Gdy człowiek wierzy, że wszystko już do końca wie i rozumie, i nie ma dlań żadnych tajemnic, często wtedy właśnie wkracza na drogę do zguby.

Człowieczeństwo jest to suma naszych defektów, mankamentów, naszej niedoskonałości, jest tym czym chcemy być, a nie potrafimy, nie możemy, nie umiemy, to jest po prostu dziura między ideałami a realizacją.

Człowiek może ogarnąć tak niewiele rzeczy naraz; widzimy tylko to, co dzieje się przed nami, tu i teraz; unaocznienie sobie równoczesnej mnogości procesów, jakkolwiek związanych ze sobą, jakkolwiek się nawet uzupełniających, przekracza jego możliwości. Doświadczamy tego nawet wobec zjawisk względnie prostych. Los jednego człowieka może znaczyć wiele, los kilkuset trudno jest objąć, ale dzieje tysiąca, miliona nie znaczą w gruncie rzeczy nic.

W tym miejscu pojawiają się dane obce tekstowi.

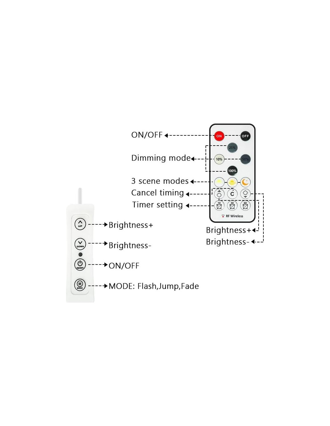- Iluminación regulable: Viene con control remoto RF y controlador (receptor), tiene función de memoria. 3 funciones de temporizador (10min/30min/60min) pueden hacer que la tira de luz se apague a la hora establecida. aumento/disminución de brillo (6 niveles) y 4 niveles de brillo fijo (10%/25%/50%/100%), 3 modos (salto, degradado, parpadeo).
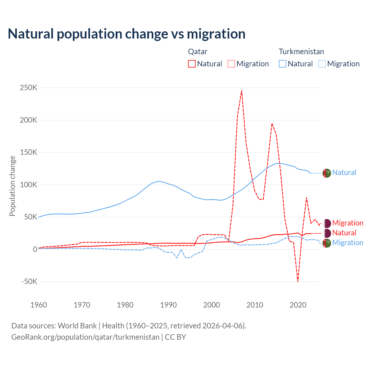 Over the last 10 years, 26.1% of the population change in Qatar is from natural causes (a gain of 232,009 people) and 73.9% is from migration (a gain of 655,712 people). In Turkmenistan 89.2% is from natural causes (a gain of 1,270,228 people) and 10.8% is from migration (a gain of 154,379 people).

Nauka nie zajmuje się takimi własnościami bytu, do których należy śmieszność. Nauka objaśnia świat, ale pogodzić z nim może jedynie sztuka.

Teoria fantastyki, która mogłaby zdefiniować podział pomiędzy tym, co prawdziwe, a tym, co zmyślone, wniosłaby dużo do dzisiejszej kultury.